Alright, with this setup you have a global param for the /robot1 namespace, and another global param – same name, different value – for the /robot2 namespace. This is just an example of what you can do. There is an infinite number of possibilities, and it all comes down to what you really need in your application.

ROS2 global parameters: good idea or not?

If you’re starting your ROS2 application and directly implement a global parameter server, well, stop right now and think twice.

There are many debates on what’s the best way to handle “global” parameters, and one of the question you should ask first is not “how to do” but “do I need to do that for my application?”.

ROS2, by design, and for good reasons, makes you create parameters that are specific to a node. Unless you’re a true ROS expert, it might be good to try to follow the framework rules and conventions.

Here are some alternatives:

  • If that’s possible for you, you could create a variable on top of your launch file, and pass it to all of your nodes as a parameter. Thus, all nodes (at launch time) will get this parameter. However, if you manually add another node after that, it won’t be able to retrieve the parameter from a “global” source.
  • Some robots, like the turtlebot3, uses an environment variable for the robot’s name. Not necessarily what you should do, but that’s an option.
  • Instead of a global parameter node, you could have a database (for example with sqlite) containing global values.

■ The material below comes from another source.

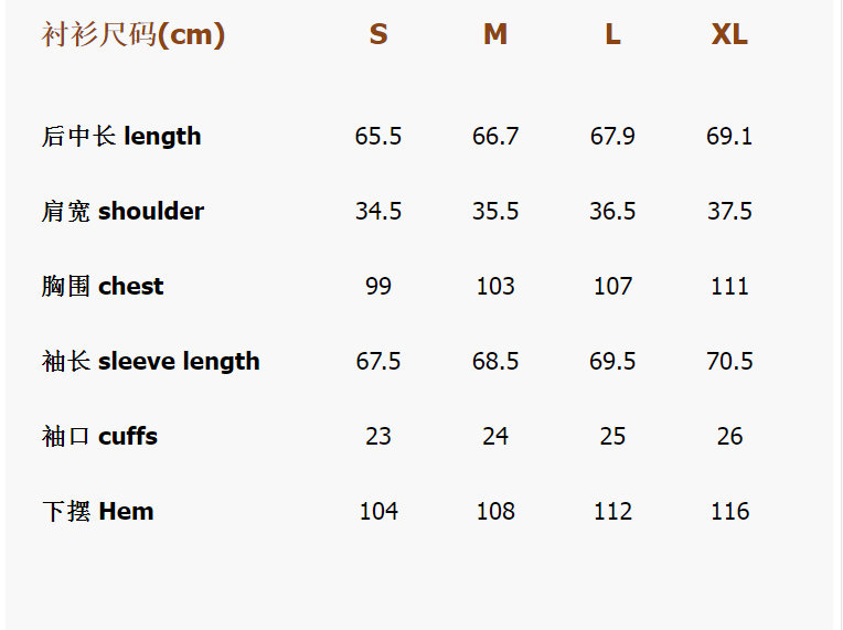 衣長/肩寬/袖長為平量,其他為一圈(單位:公分)

Also, it could be interesting to look at your design choices. Maybe you have to create global parameters because of a poorly designed application. In this case it’s maybe better to work on your design instead of finding little hacks to make things work.

If you have carefully examined the situation, and there is no other way than to create a global parameter server, then try to reduce the scope. If the parameters only apply to a sub-system, then don’t make them global to your application. Every application is different, so adapt this technique every time you need to use it. This is not a “one size fits all” solution.

All in all, the most important thing is that your robot works correctly, and that you keep your code modular enough, so you can scale your application later without too much hassle. If you manage to do that, with our without global parameters, well, that’s a job well done!